Suppose $|X_n|\leqslant Y$ a.s. for all $n\in\Bbb N$. Show that $\sup|X_n|\leqslant Y$ a.s. too

Question

Since $|X_n| \leq Y$ a.s. for all $n$, we have that $\mathcal{P}\left(\bigcap_{n=1}^{\infty}\{|X_n|\leqslant Y\}\right) =1$

So now the solution asses that: $$\textstyle\mathcal{P}\left(\bigcap^\infty_{n=1}\{|X_n|\leqslant Y\}\right)=1=\mathcal{P}\big(\sup\{|X_n|\leqslant Y\}\big)$$

and clearly, the $\,\sup|X_n|\leqslant Y$ almost surely.

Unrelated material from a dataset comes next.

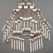 Verzilverd bestekgedeelte, uitvoering WMF, bestaande uit: 18 dinervorken, 19 dinermessen, 18 dinerlepels, 18 dessertvorken, 17 dessertmessen, 18 dessertlepels, 24 taartvorkjes, 19 theelepels en 9 diverse dienlepels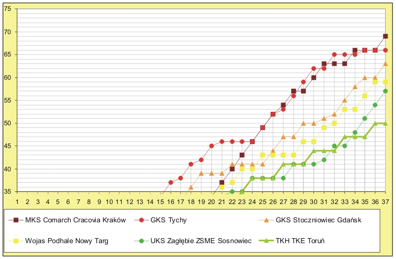 Faktem jest, że TKH niezmiennie zajmuje szóste miejsce w silniejszej grupie, a GKS ciągle znajduje się w czubie tabeli. Obecnie obie ekipy dzieli szesnaście punktów w tabeli (patrz: ryc. 2)! Po ostatniej porażce w Krakowie z ComArch Cracovią, tyszanie stracili fotel lidera na rzecz aktualnego mistrza kraju (patrz: ryc. 1). Nic jednak nie stoi na przeszkodzie, żeby go odzyskać. Trudno się bowiem spodziewać, że torunianie będą w stanie odebrać punkty Ślązakom, zważywszy na ich ostatnie poczynania.

What is not clear to me and so my doubt is: Why can I rewrite the intersection as the supremum?

Answer 1

There is something wrong with the notation.

The following statements are equivalent:

• $\omega\in\bigcap_{n=1}^{\infty}\{|X_n|\leq Y\}$
• $\forall n\in\mathbb N_+[X_n(\omega)\leq Y(\omega)]$
• $\sup_n|X_n(\omega)|\leq Y(\omega)$
• $\omega\in\{\sup_n|X_n|\leq Y\}$

This makes us conclude that:$$\bigcap_{n=1}^{\infty}\{|X_n|\leq Y\}=\{\sup_{n\in\mathbb N_+}|X_n|\leq Y\}$$The RHS does not agree with the expression in your question.

I am not quite familiar with expressions like $$\sup_{i\in I}A_i$$where ever $A_i$ is a set.

It can only be meaningful if there is an order on these sets.

Inclusion for instance, but then I would prefer "union" above "sup".